In the coal mining area, on the one hand, large-scale drainage of groundwater is required due to the exploitation of coal seams; on the other hand, a large amount of water is needed for mine production and mining area life (Liu et al. 2019; Acharya et al. 2020; Mardonova et al. 2023). However, the waste tailings produced by mining operations will affect the groundwater environment. Some ions in mine water exceed the standard and carry a large number of dust, rock powder, and other suspended solids. The water quality is poor. It is necessary to clearly understand the main ions in groundwater, so as to further understand the interaction and mechanism of groundwater pollution. Hydrogeochemical facies can not only be used to evaluate the quality of groundwater but also provide information for distinguishing different regions of anions and cations in groundwater (Refat et al. 2021; Dhaoui et al. 2022; Parisi et al. 2023).
Many analysis and evaluation studies on groundwater chemistry in mining areas have been carried out at home and abroad (Jiang et al. 2022; Abu et al. 2002; Sahoo et al. 2020a). To investigate the impact of abandoned mines on the water quality of surface water and groundwater, Zhang et al. (2020) analyzed the hydrochemical characteristics in the multi-aquifer system of a closed mine in Huainan by using the Euclidean distance and the Ward method and determined the genesis, evolutionary process and fate of the hydrogeochemistry of the area by combining the stable hydroxide isotopes and reverse geochemical simulation methods. Ewusi et al. (2022) appraised the hydrogeochemical characteristics and sources of heavy metals and the probable human health risks associated with the consumption of water contaminated with heavy metals in the mine pit water–surface water–groundwater system in the Nsuta manganese mining area in western Ghana. To find out the influence of mine water on water quality and hydrogeochemical processes, a large number of related studies have been carried out on mine water at home and abroad (Zhang et al. 2024; Wang et al. 2023; Tarasenko et al. 2022; Chudy et al. 2021). Hydrogeochemical methods have made great progress in the study of groundwater, especially the application of isotope and thermodynamic basic principles, which solves the practical problems of quantitative and semi-quantitative hydrogeochemistry, making the method of hydrogeochemistry to study groundwater more rigorous and perfect (Prakash et al. 2023; Ju et al. 2023; Weber et al. 2021; Akpataku et al. 2019). Multivariate statistical analysis methods, including linear regression analysis, discriminant analysis, cluster analysis, and principal component analysis, are widely used in hydrogeochemical analysis (Liu et al. 2019).

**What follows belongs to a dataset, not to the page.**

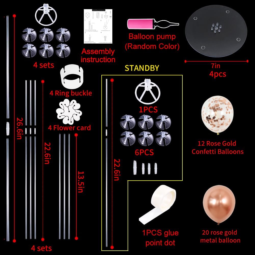 - Package Includes: The balloon stand kit includes 4 reusable balloon centerpiece table decorations and 12 inch 32 pcs rose and gold balloons(16 rose gold+16 rose gold confetti balloons),glue point dots,balloon pump,balloon clips,and tie tool.You don’t need to waste money to buy balloons
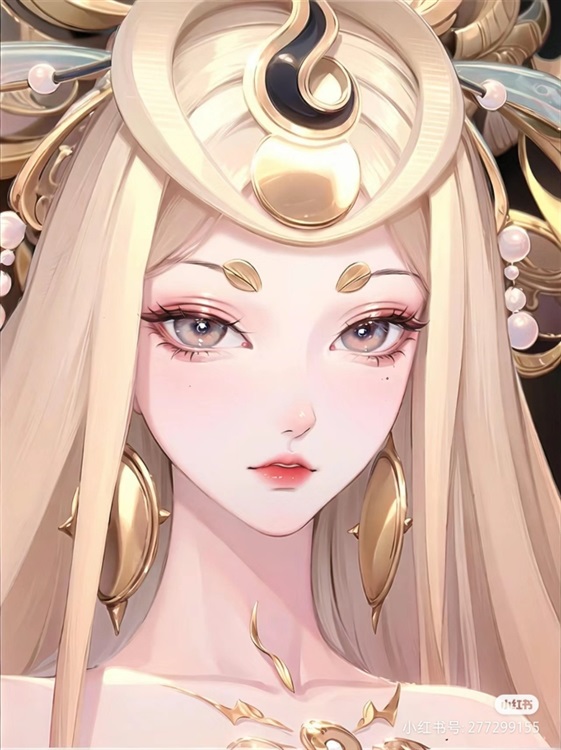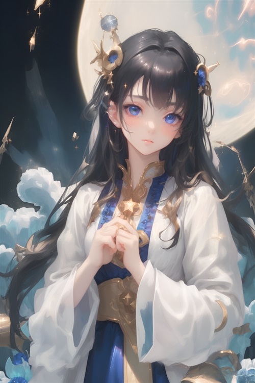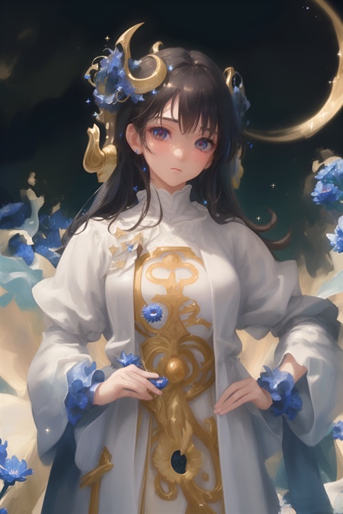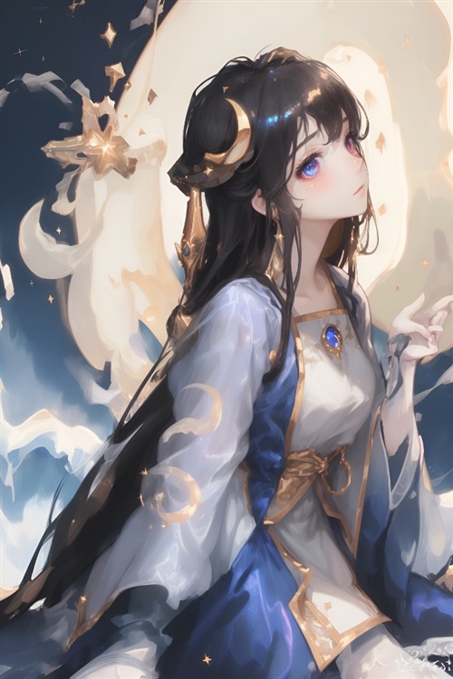 容貌:长发如黑色的瀑布一般柔顺地披散在她的肩膀和腰际。瞳孔璀璨如星辰,散发出清新的明亮。

Taking the Hancheng mining area as an example, the recharge, runoff, and drainage system of groundwater in the Hancheng mining area has become an independent hydrogeological unit. Xue et al. (2014), based on the data of water quality analysis and rock chemical composition detection, analyzed the hydrogeological background of occurrence and distribution of Ordovician limestone water quality in Xiangshan Mine of Hancheng Mining Area and focused on the characteristics of water chemical components. Through the study, it is found that the mine water receives a large amount of recharge from shallow pore diving, and it is necessary to further identify the genesis and hydrogeochemical characteristics of shallow but shallow pore diving. Therefore, it is necessary to understand the hydrogeochemical process of shallow groundwater in the Hancheng mining area to help formulate appropriate groundwater management plans.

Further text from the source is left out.